I toss the phone onto the backseat and grab my mask, irritation
making me grunt and weigh up whether to call off tonight’s
activities. But the weight of the skull mask brings me back to the job
at hand.
Sacrifice.
The beast within begins a drumbeat in my mind, anticipating
what’s to come. And while Castor Leos the man might be able to
walk away, Castor Leos the monster can do no such thing.
Octavia Rossi won’t be in Tacoma for four days. Plenty of time to
finish this job and take my time enjoying it.
A few seconds later, I’m crossing the road, sticking to the
shadows between streetlights. I don’t have my mask on yet,
because it’s not there to hide my identity. It’s there to bring it out.

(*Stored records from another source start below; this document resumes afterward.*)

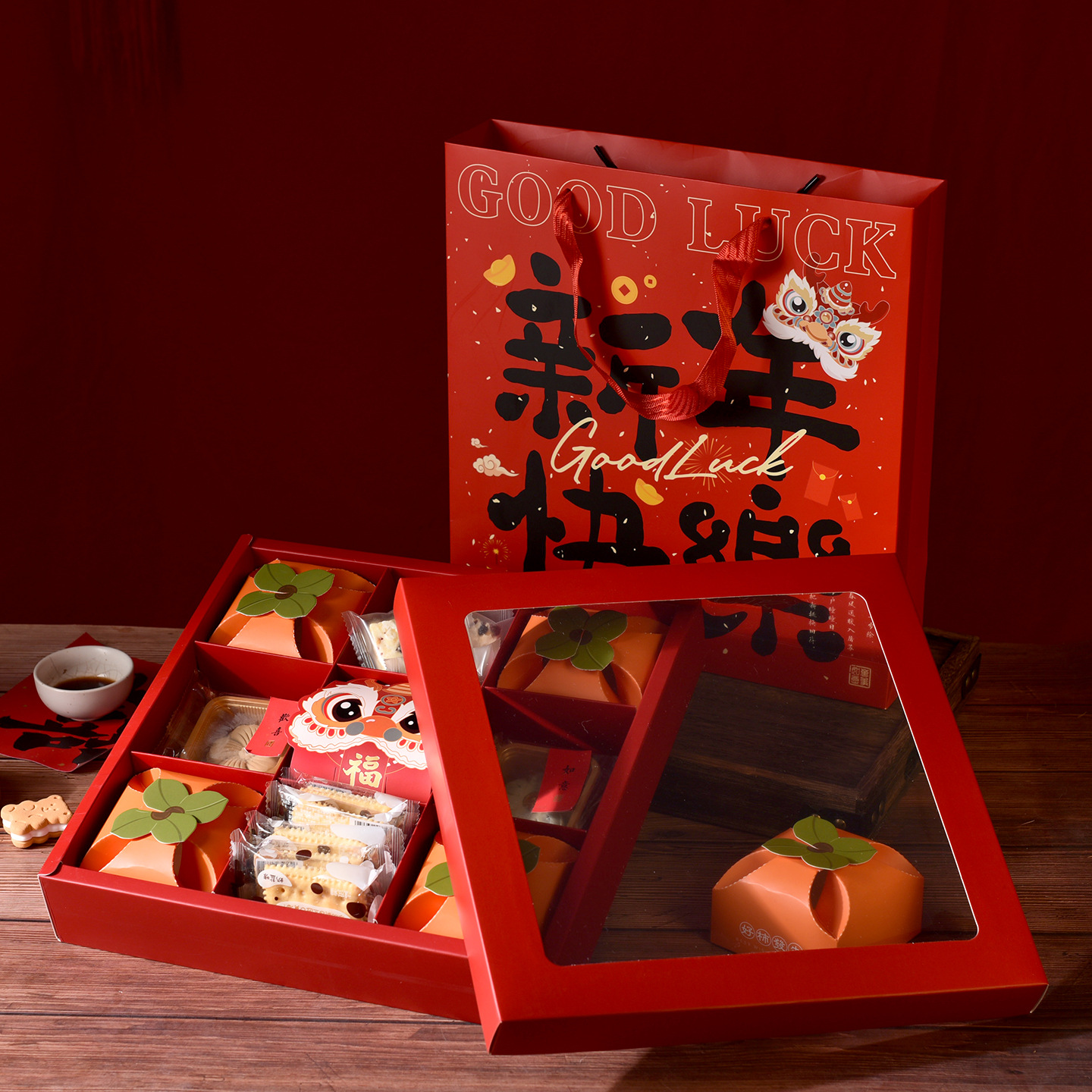 2026年馬年春節中国風菓子包装箱焼き菓子クッキー雪花餅もち米船PETギフトボックス
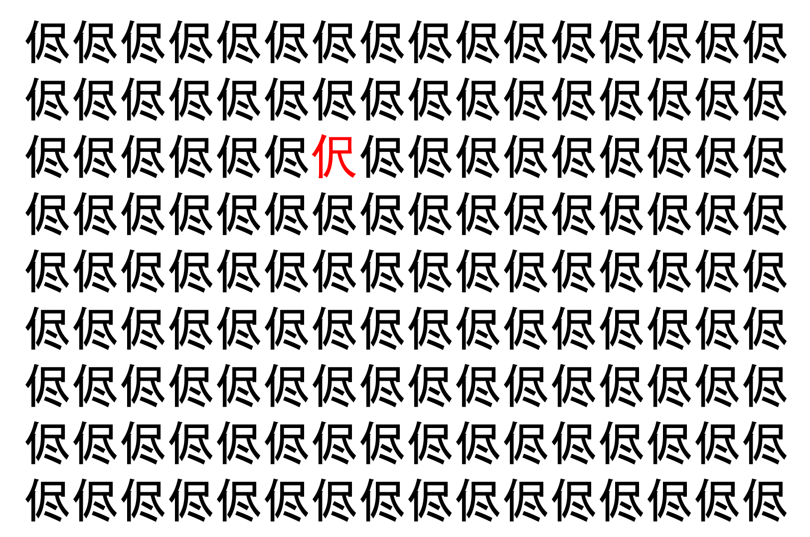 【脳トレ】「侭」の中に紛れて1つ違う文字がある!?あなたは何秒で探し出せるかな??【違う文字を探せ!】
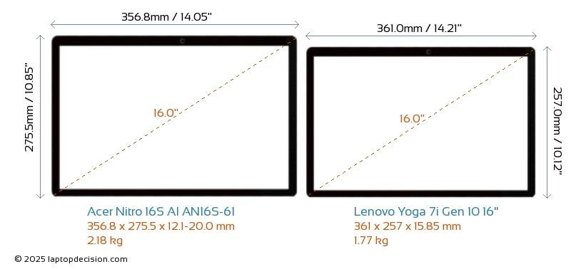 Wifi Yoga 7i Gen 10 16" dispose d'une norme Wi-Fi plus avancée v7, offrant des connexions sans fil plus rapides et fiables par rapport à Nitro 16S AI AN16S-61 (v6E).
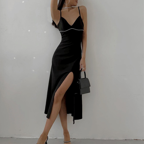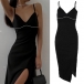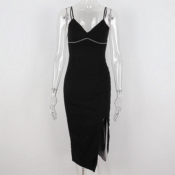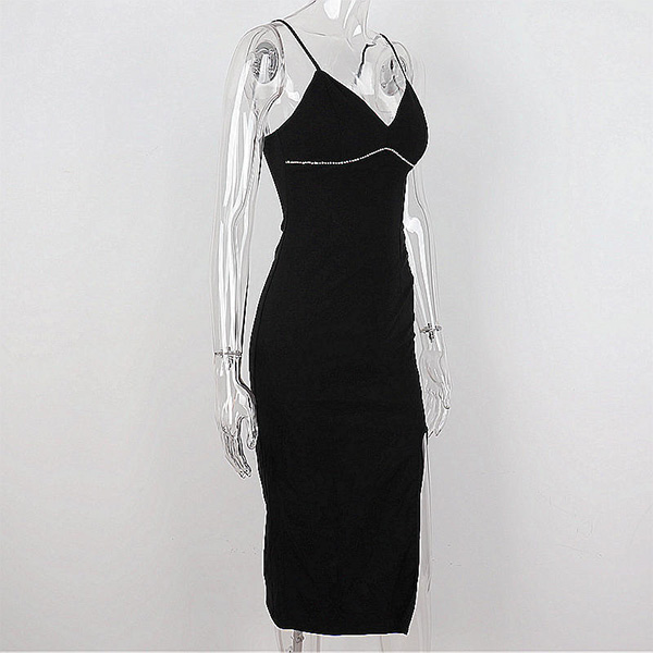 Sexy Solid Color V-neck Rhinestone Slit Bodycon Slip Dress
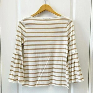 Banana Republic Bell Sleeve Top Supima Cotton Stripes White & Tan Size XS

And US Marshal Harry Armstrong isn’t going to meet the real me.
This will be quick.
As I approach the dark gray Explorer, I can see he’s in the middle
of a burrito. Red spicy sauce is dribbling down his chin, smoke from
the half-finished cigarette in the ashtray drifting through the open
driver’s window.
He seems content, relaxed, even if he is on the clock.
I wonder how long after they learn of his death before his wife
and children will start celebrating. Not long, I’m sure. His fourteen
year old daughter might even stop self harming once she’s no longer
the object of her father’s unwanted attention.
I’ll send them some money to rebuild their lives. Anonymously of
course. Something good to come out of all this.
He doesn’t see the bullet coming. Doesn’t even flinch at the soft
pop of the silencer. It goes in one side of his head and exits the
other, spraying the windscreen and dash with blood and brains and a
mouthful of burrito. Hard to tell what’s blood and what’s spicy sauce.
There must be some poetry in that, I suppose, but it will be for
other minds to figure out.
I hate guns. They’re uncivilized and unsporting. But they’re quick
and, the way I do it, painless. More than Harry Armstrong deserves.
I keep the pistol drawn as I stroll down the sidewalk toward the
house. If anyone looked out of their window, all they’d see is a tall
man in a cloak, out for a stroll, something unnerving in his unnatural
gait. They’d cross themselves and pray to whatever god they believe
in to keep them safe.
And they’d get their wish, because I don’t kill bystanders.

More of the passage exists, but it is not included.